This comprehensive checklist addresses the 12 essential questions every foreign buyer must answer before purchasing Japanese real estate, from residency status verification to long-term tax planning. Whether you're considering a Tokyo apartment, an Osaka house, or land in rural Japan, these steps ensure you make informed decisions and avoid costly mistakes in the Japanese property market.
If you want to go deeper, you can check our pack of documents related to the real estate market in Japan, based on reliable facts and data, not opinions or rumors.
Foreigners can legally buy property in Japan without residency restrictions, but must prepare for 10-15% additional costs beyond the purchase price and understand complex financing requirements that vary significantly based on residency status.
Success in the Japanese property market requires thorough preparation across 12 key areas, from document preparation and guarantor arrangements to understanding land rights and long-term tax implications.

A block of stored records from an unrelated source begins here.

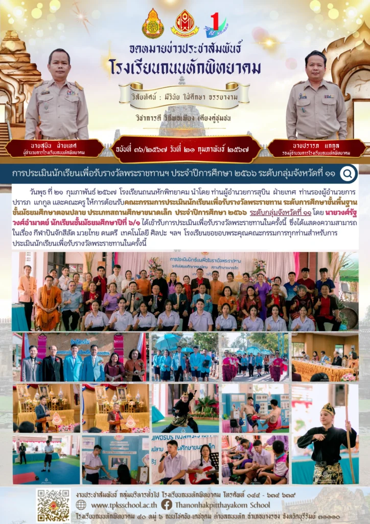 วันพุธ ที่ ๒๑ กุมภาพันธ์ ๒๕๖๗ โรงเรียนถนนหักพิทยาคม นำโดย ท่านผู้อำนวยการสุบิน ฝ่ายเทศ ท่านรองผู้อำนวยการ ปรารภ แกกูล และคณะครู ให้การต้อนรับคณะกรรมการประเมินนักเรียนเพื่อรับรางวัลพระราชทาน ระดับการศึกษาขั้นพื้นฐาน ชั้นมัธยมศึกษาตอนปลาย ประเภทสถานศึกษาขนาดเล็ก ประจำปีการศึกษา ๒๕๖๖ ระดับกลุ่มจังหวัดที่ ๑๑ โดย นายวงศ์รัฐ วงศ์อำมาตย์ นักเรียนชั้นมัธยมศึกษาปีที่ ๖/๑ ได้เข้ารับการประเมินเพื่อรับรางวัลพระราชทานในครั้งนี้ ซึ่งได้แสดงความสามารถ ในเรื่อง กีฬาปันจักสีลัต มวยไทย ดนตรี เทคโนโลยี ศิลปะ ฯลฯ โรงเรียนขอขอบพระคุณคณะกรรมการทุกท่านสำหรับการประเมินนักเรียนเพื่อรับรางวัลพระราชทานในครั้งนี้
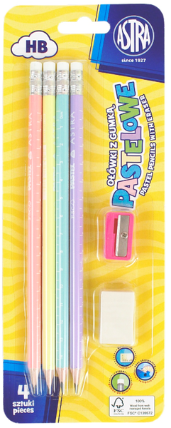 Paprastas pieštukas 4vnt su trintuku ir drožtuku ASTRA
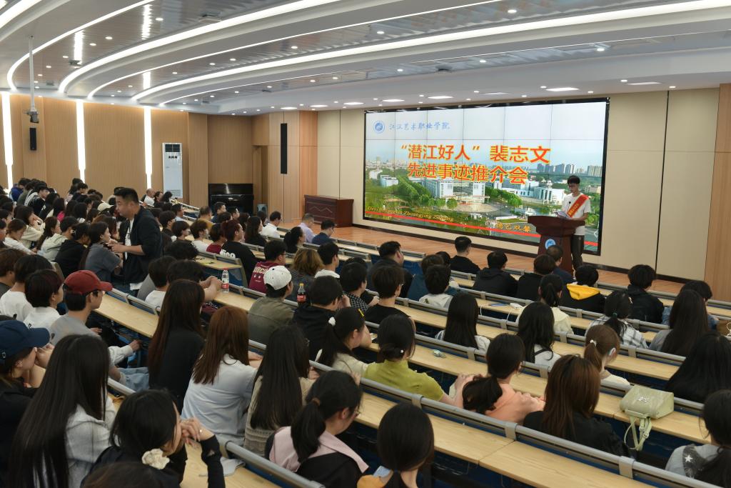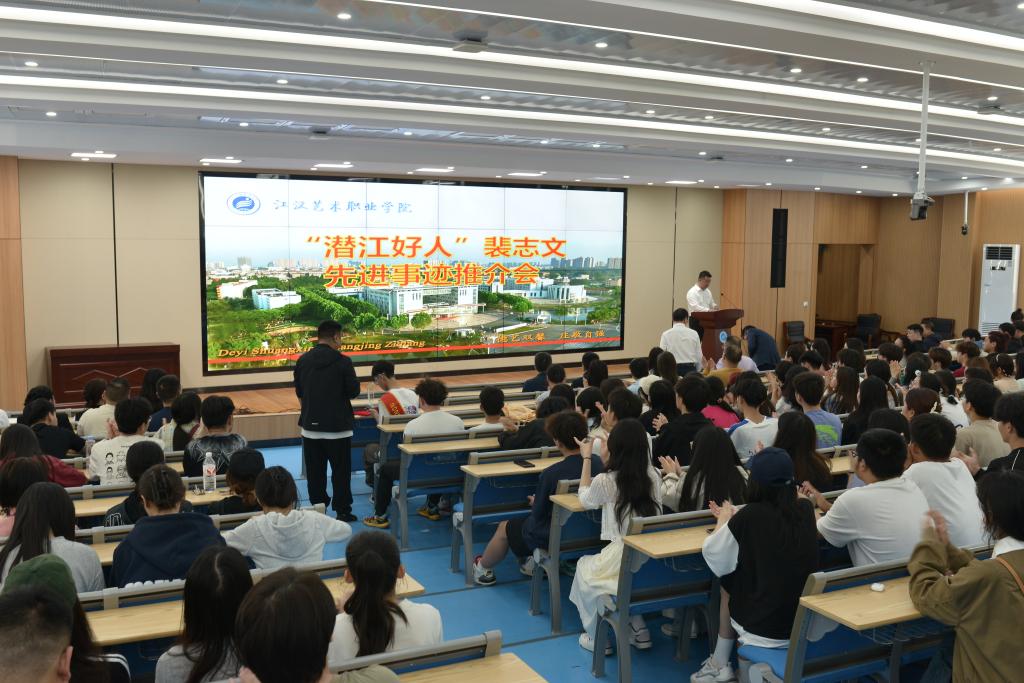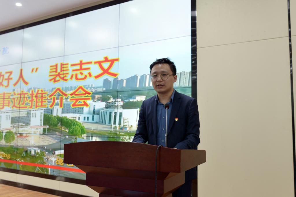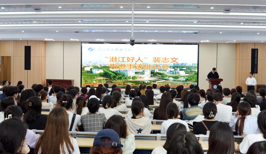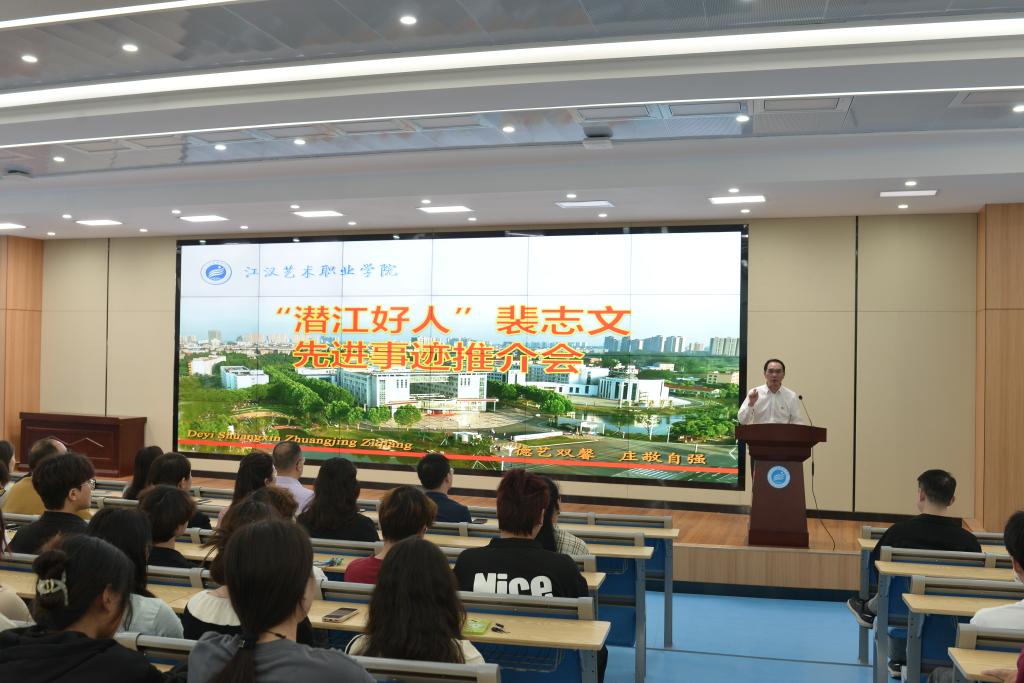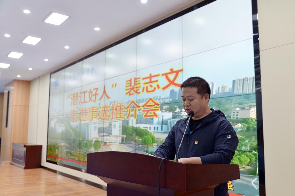 4月18日,学校举行“潜江好人”裴志文先进事迹推介会。市委宣传部副部长侯艳丽、市文明办刘洋,党委书记李飞、副院长刘纯梓、纪委书记黄超、党委委员周剑波等出席。
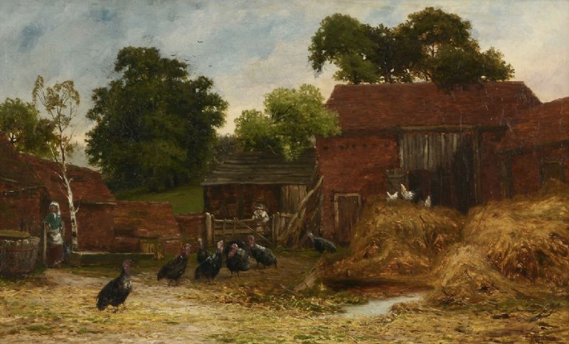 Turkeys in a farmyard

| Checklist Category | Key Requirements | Timeline Impact |
|---|---|---|
| Legal Eligibility | No nationality restrictions for property ownership | Immediate verification |
| Financing Preparation | Permanent residency typically required for bank loans | 2-3 months pre-approval |
| Budget Planning | Purchase price + 10-15% additional costs | 1-2 weeks calculation |
| Property Research | Location, type, building standards compliance | 2-4 weeks due diligence |
| Document Preparation | Passport, residence card, tax statements, translations | 2-4 weeks preparation |
| Professional Support | Bilingual agent/lawyer, potential guarantor | 1-2 weeks arrangement |
| Purchase Process | Deposit, contract signing, final settlement | 4-8 weeks completion |

Have you confirmed your residency status in Japan and whether you are legally allowed to buy property as a foreigner?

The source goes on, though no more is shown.